Santa Clara County Parks Champion Kitty Monahan, 89. dead on

Kitty Monahan, a beloved Santa Clara County conservationist, educator and historian who led efforts to protect the area’s parks for decades, died on July 25. She was 89 years old.

Monahan, who died around midnight at her New Almaden property where she had lived since 1972, left behind a long list of achievements, most notably the 4,000-acre Almaden Quicksilver County Park, where mercury mining in the county Helps to lead the purchase and protection of The 19th century marked the beginning of California’s gold rush economy.

Although Monahan was not married and had no children, those who knew her well said that the surrounding community stood as her family. In the days before his passing, Monahan had dozens of visitors to say goodbye to her New Almaden home.

“She was like our bonus mom,” said Chris Peretti, a close family friend of Monahan’s. “He never had children … we were his children.”

Peretti said that although Monahan had difficulty talking in his final days, he said “thank you” to each of his guests.

“She was always very much loved,” Peretti said. “But she was a very strong, independent woman. Even until she was older, she could throw a lump of hay faster than me.”

Born on December 4, 1932, Monahan grew up in San Jose and attended Notre Dame High School. She then served as a nun for the next two decades and spent time teaching in various locations across the state, including the South Los Angeles neighborhood of Watts. Friends say that he broke away from the church after disagreements with the leadership of Pope John XXIII.

In the early 1970s, Monahan became a math teacher at William C. Overfelt High School. Mark Fleming, who was Monahan’s student during his junior and senior years, described him as a “dedicated and knowledgeable” teacher.

“If you were slow, she would have worked with you, which I was,” Fleming said. “Beyond her math skills, she cared about the students. They were personal to him. ,

It was around the same time that even Monahan began to ramp up his conservation efforts. Along with other community members, Monahan worked to get Santa Clara County to purchase the 4,000-acre Almaden Quicksilver County Park for approximately $4 million. The area was once the largest mercury mine on the North American continent, the element used to separate gold from its ore. Mining operations began in the mid-1840s and lasted more than a century, generating profits of $70 million and improving the region’s economy.

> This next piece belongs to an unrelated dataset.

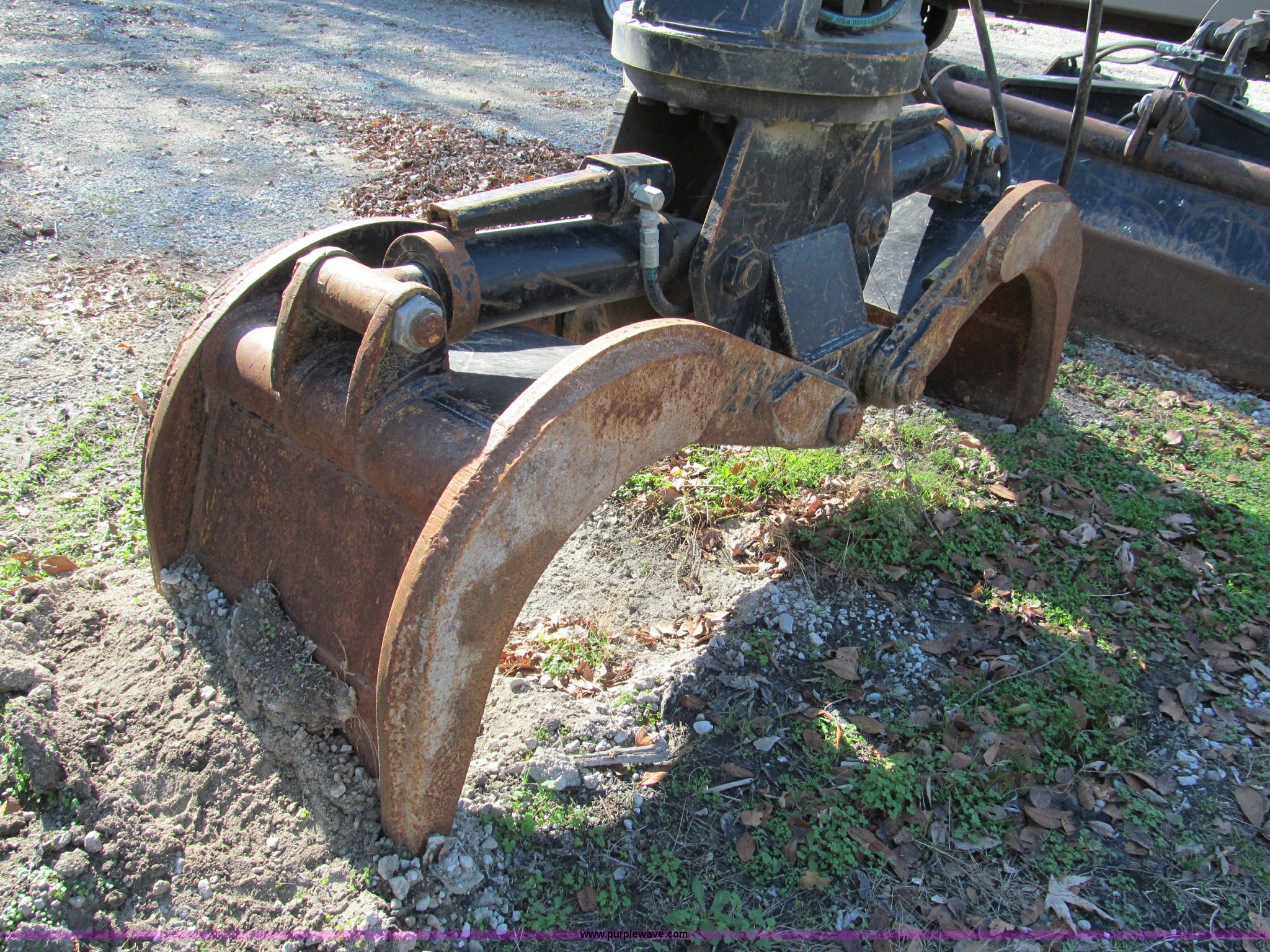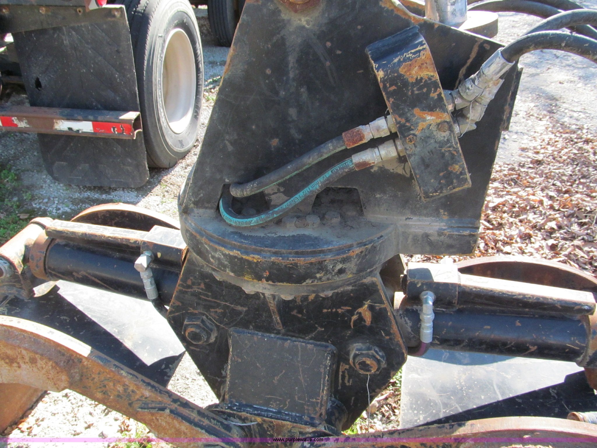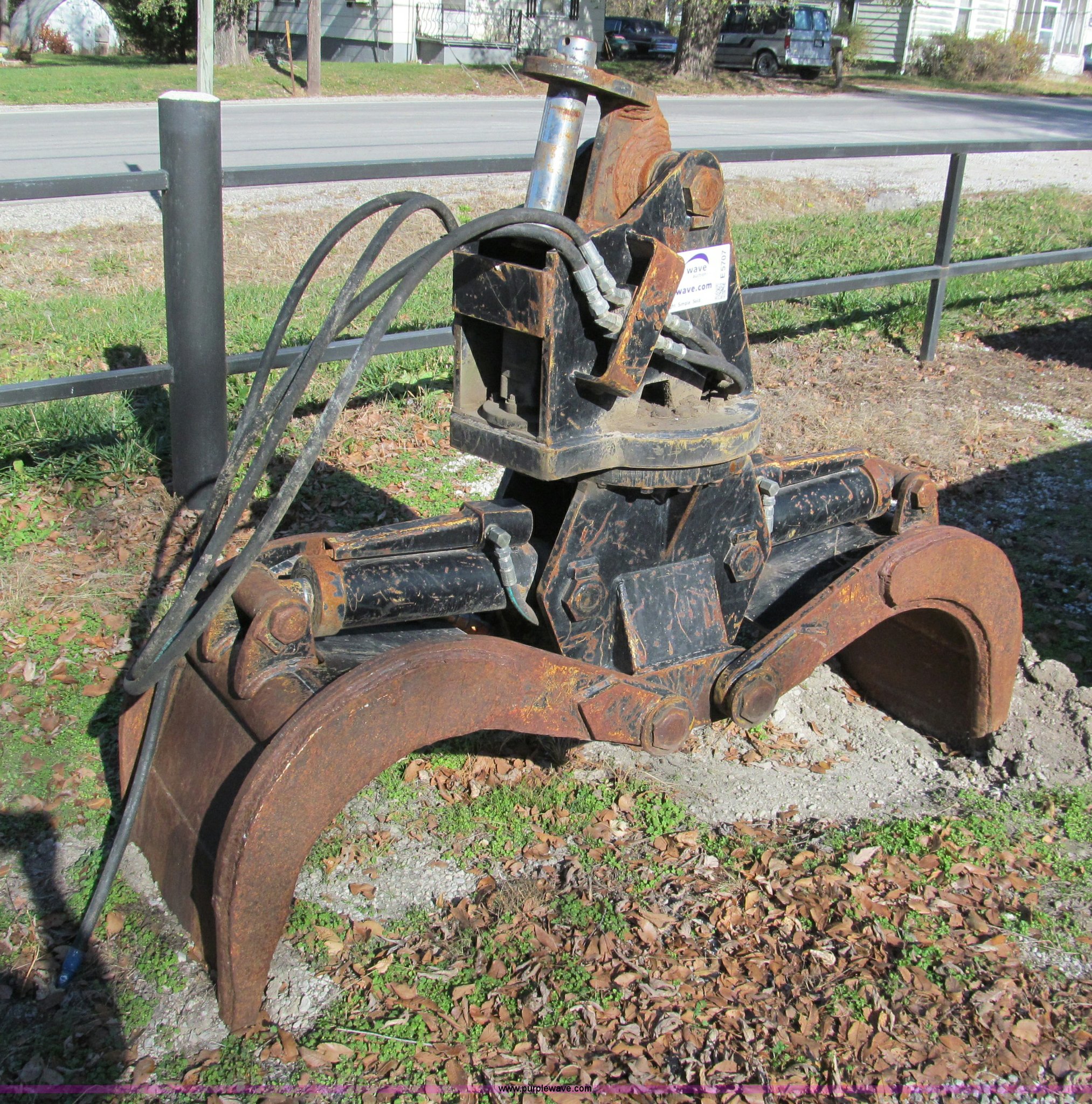 Purple Wave is selling a used Excavator Attach. in Missouri. This item is a 24" hood butt type grapple with the following: Continuous rotation, Flat faced fittings, Last used on Caterpillar 312 excavator

Kitty Monahan, middle right, at the ribbon cutting of the San Cristóbal Tunnel, October 12, 1985. (courtesy tere johnson)

By the mid-1970s, she was informally known as the “Mayor of New Almaden” because of her advocacy for the region, said Michael Cox, who worked with Monahan for decades.

In 1983, along with Cox, Monahan helped found the New Almaden Quicksilver County Park Association, or NAQCPA, which to this day serves as an educational resource for the historic site and has about 400 members. The group quickly began consolidating the park’s facilities and helped direct the county’s purchase of a private collection of park historical artifacts and the 1850s Revival-style mansion known as Case Grande, both of which had Eventually the Almaden Quicksilver Mining Museum was formed.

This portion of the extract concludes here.